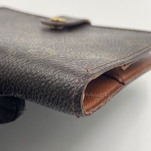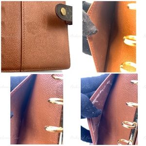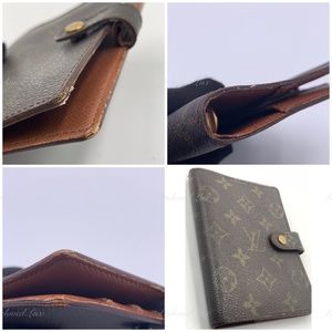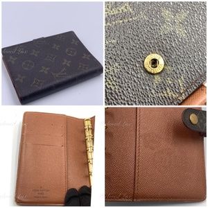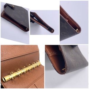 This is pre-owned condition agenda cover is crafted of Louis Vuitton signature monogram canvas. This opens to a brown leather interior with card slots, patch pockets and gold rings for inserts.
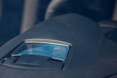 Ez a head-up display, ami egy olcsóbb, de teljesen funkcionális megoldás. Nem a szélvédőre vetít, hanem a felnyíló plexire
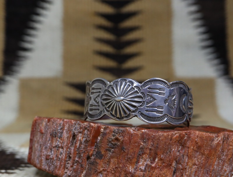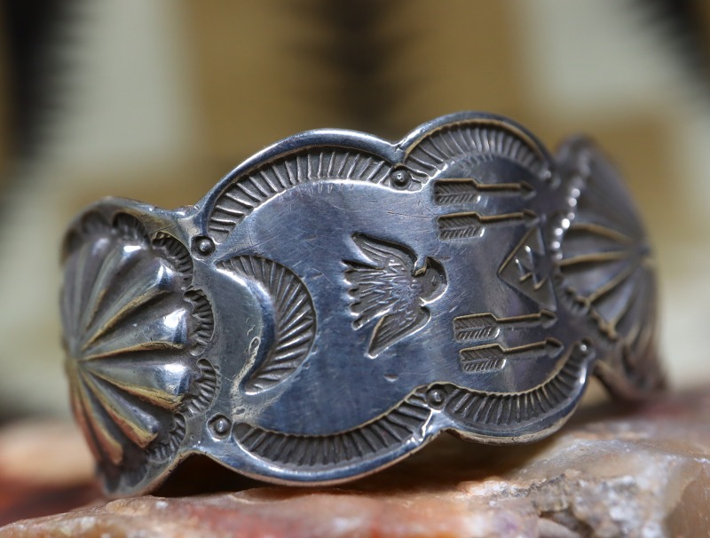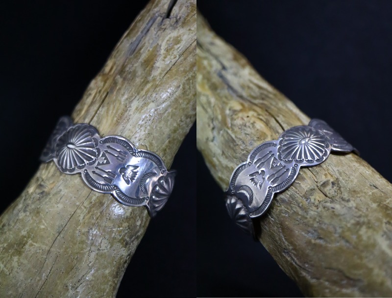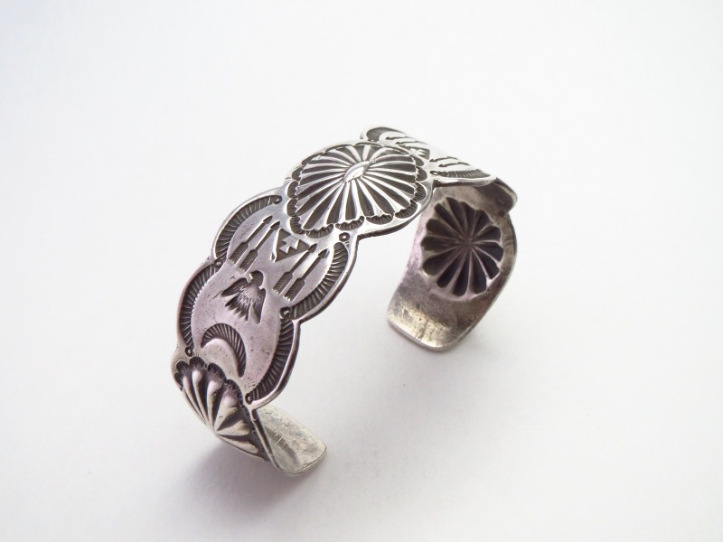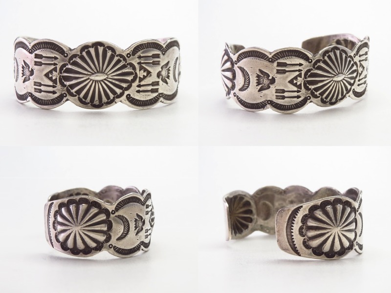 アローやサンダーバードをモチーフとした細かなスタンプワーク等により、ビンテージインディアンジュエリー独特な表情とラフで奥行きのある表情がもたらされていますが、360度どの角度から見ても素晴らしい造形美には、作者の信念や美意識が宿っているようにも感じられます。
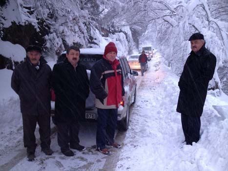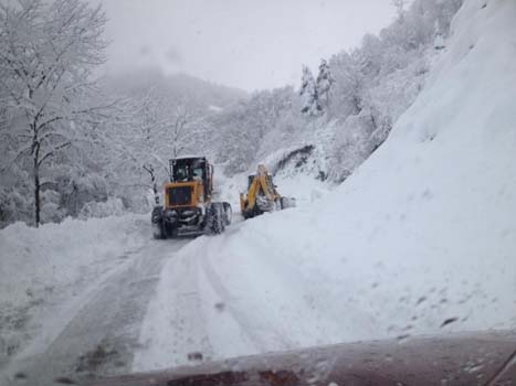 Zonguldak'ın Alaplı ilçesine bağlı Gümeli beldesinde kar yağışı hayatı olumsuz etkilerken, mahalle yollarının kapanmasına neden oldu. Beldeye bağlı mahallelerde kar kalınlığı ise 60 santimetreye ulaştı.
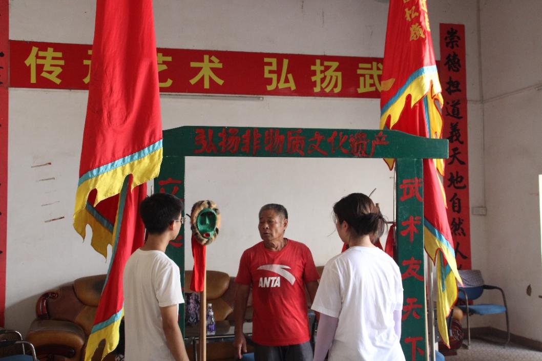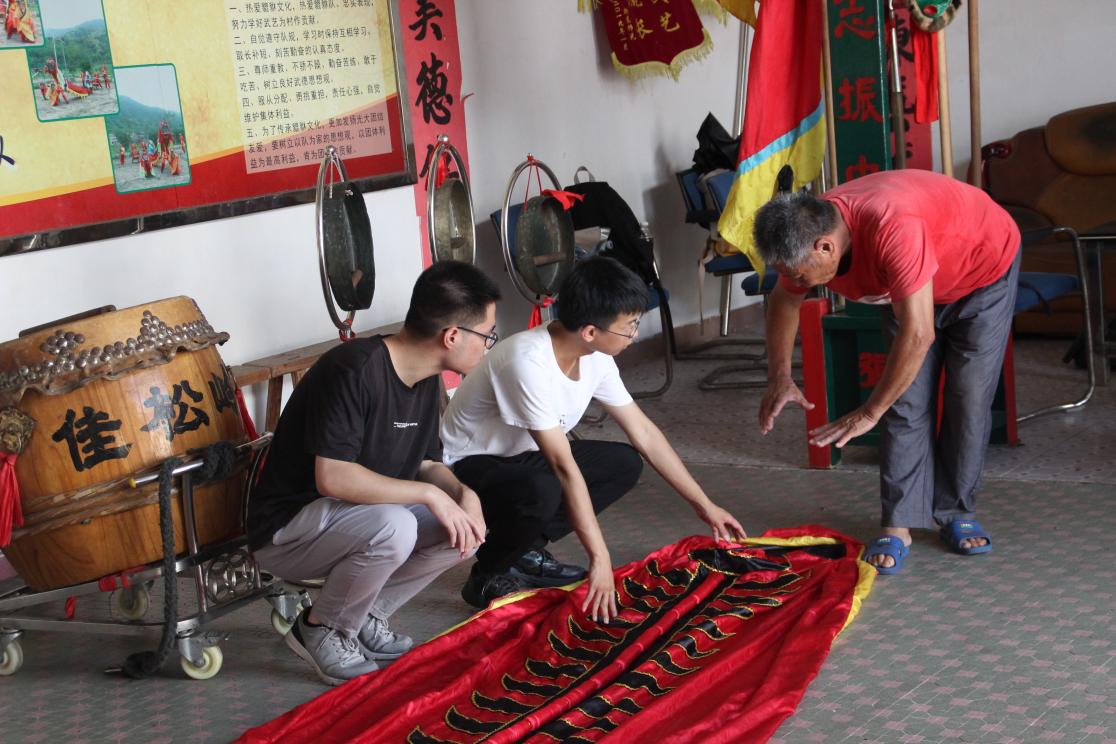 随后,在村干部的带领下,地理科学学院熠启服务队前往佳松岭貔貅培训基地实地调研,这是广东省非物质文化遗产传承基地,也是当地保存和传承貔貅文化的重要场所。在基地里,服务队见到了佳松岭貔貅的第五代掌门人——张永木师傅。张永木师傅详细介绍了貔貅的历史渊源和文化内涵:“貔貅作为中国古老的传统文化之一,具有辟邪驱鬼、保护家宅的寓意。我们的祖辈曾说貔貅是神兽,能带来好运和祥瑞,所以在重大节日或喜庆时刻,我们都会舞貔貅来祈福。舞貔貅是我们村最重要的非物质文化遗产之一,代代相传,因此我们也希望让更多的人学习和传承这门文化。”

→ WHAT THIS TASK INVOLVES
Leave every picture out and output the records exactly.

→ TASK SOLUTION
 This is pre-owned condition agenda cover is crafted of Louis Vuitton signature monogram canvas. This opens to a brown leather interior with card slots, patch pockets and gold rings for inserts.
 Ez a head-up display, ami egy olcsóbb, de teljesen funkcionális megoldás. Nem a szélvédőre vetít, hanem a felnyíló plexire
 アローやサンダーバードをモチーフとした細かなスタンプワーク等により、ビンテージインディアンジュエリー独特な表情とラフで奥行きのある表情がもたらされていますが、360度どの角度から見ても素晴らしい造形美には、作者の信念や美意識が宿っているようにも感じられます。
 Zonguldak'ın Alaplı ilçesine bağlı Gümeli beldesinde kar yağışı hayatı olumsuz etkilerken, mahalle yollarının kapanmasına neden oldu. Beldeye bağlı mahallelerde kar kalınlığı ise 60 santimetreye ulaştı.
 随后,在村干部的带领下,地理科学学院熠启服务队前往佳松岭貔貅培训基地实地调研,这是广东省非物质文化遗产传承基地,也是当地保存和传承貔貅文化的重要场所。在基地里,服务队见到了佳松岭貔貅的第五代掌门人——张永木师傅。张永木师傅详细介绍了貔貅的历史渊源和文化内涵:“貔貅作为中国古老的传统文化之一,具有辟邪驱鬼、保护家宅的寓意。我们的祖辈曾说貔貅是神兽,能带来好运和祥瑞,所以在重大节日或喜庆时刻,我们都会舞貔貅来祈福。舞貔貅是我们村最重要的非物质文化遗产之一,代代相传,因此我们也希望让更多的人学习和传承这门文化。”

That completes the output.